Bertha sat blinking at me as though I’d flashed a very bright light full in her eyes.

“I’ll be damned!”

I didn’t say anything, but just sat there, letting her think it over.

After a while she said, “Are you sure about the watch, Donald, that he dunked it in the drink?”

“No. I’m simply giving you the evidence. It’s circumstantial.”

“Why on earth would he have gone up to Roberta Fenn’s apartment?”

“Two reasons.”

“Roberta Fenn is one?”

“Yes. And the other’s the dead lawyer, Nostrander.”

“Why would Nostrander figure in it?”

I said, “Roberta Fenn was feeling pretty low. She went to New Orleans. Edna Cutler was in New Orleans. She’s the wife of Marco Cutler. Marco was about to give her a terrific smear in a divorce action. Edna couldn’t face the music. She went to New Orleans, got Roberta to pose as her double. When the papers arrived to be served on Edna, the process server served them on Roberta.

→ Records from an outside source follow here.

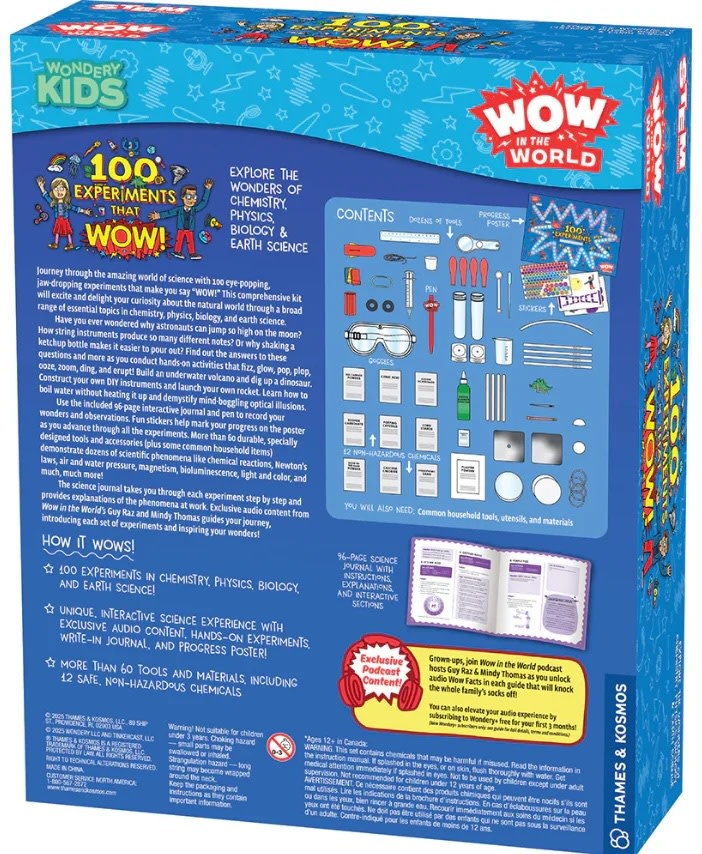 This science kit is filled to the brim with 100 eye-popping, jaw-dropping experiments that make you say "WOW!" This comprehensive kit will excite and delight your curiosity about the natural world through a broad range of essential topics in chemistry, physics, biology, and earth science.
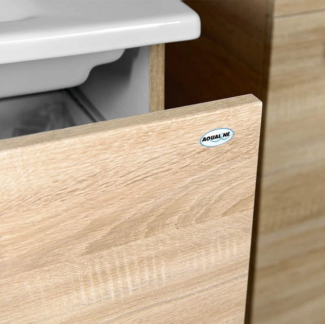 Meble łazienkowe z serii VEGA to meble nowoczesne i estetyczne w korzystnej cenie. Szafki pod umywalkę i słupki dostępne są w kolorze biały połysk lub dąb platin, wyraźny chromowy uchwyt można wymienić na czarny. Zestaw można uzupełnić efektownym blatem w kolorze dąb platin.
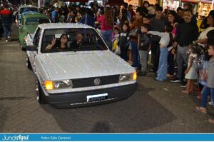 Também desfilaram a rainha e as princesas da Festa da Uva 2026, Suelen de Faria, Bárbara Zomignani e Maria Fernanda Schincariol. Começa dia 15 de janeiro, cheia de novidades.
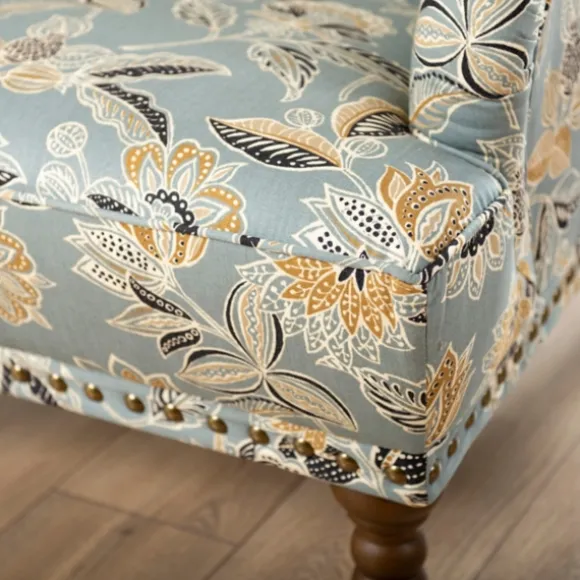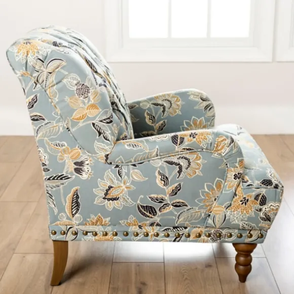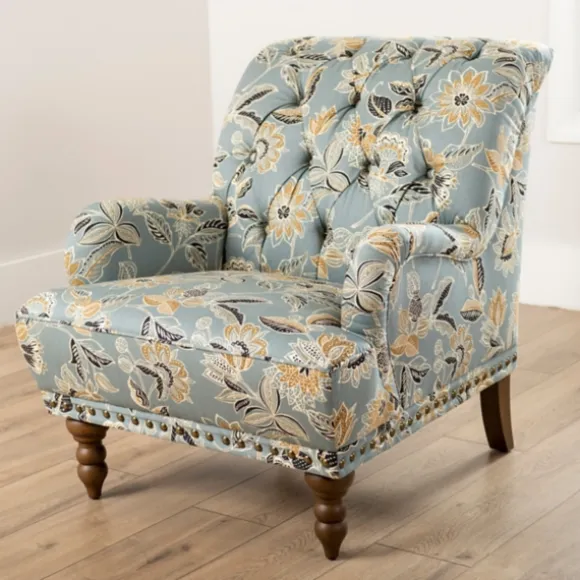 Comfort Has Never Looked So Refreshing! Featuring Golden Yellow Details And A Nailhead Trim, Our Teal Rebecca Tufted Accent Chair Is The Perfect Accent For Your Living Room. Chair Measures 36.5L X 30W X 36H In.; Seat Height: 18 In.Crafted With A Wood Composite Frame, Birchwood Legs, And Fabricbrown Leg Finishfeatures A Floral Patternaccented With Button-Tufted Details And A Nailhead Trimhues Of Blue, White, Yellow, Tan, And Blackweight Capacity: 225 Lbs.Some Assembly Requirednot Intended For Commercial Usecare: Spot Clean Or Professional Clean Only.This Item Is Available At Kirklands.Com Only, Not Available In Stores.

“Marco Cutler got his divorce. He didn’t wait for the final decree. He married a wealthy woman who has ideas about such things. She may be going to have a baby. Edna Cutler chose that time to appear on the scene and calmly observe that she’d never heard of any divorce. It was a slick stunt. She’s got him over a barrel unless he can prove fraud or collusion.”

“Can he do that?”

“He might be trying.”

“How?”

“By hiring detectives.”

“What detectives?”

“Us.”

Bertha’s eyes kept blinking rapidly. “Fry me for an oyster,” she said at length, almost under her breath.

“Get it?” I asked.

“Of course I get it. Marco Cutler is in the millionaire class. If he’d hired us and told us what he wanted us to find out, we’d have soaked him good and proper. Moreover, we’d have been able to blackmail him. He got this New York lawyer to come out here, and because the man was from New York, we kept thinking it was a New York client that was involved in the case.”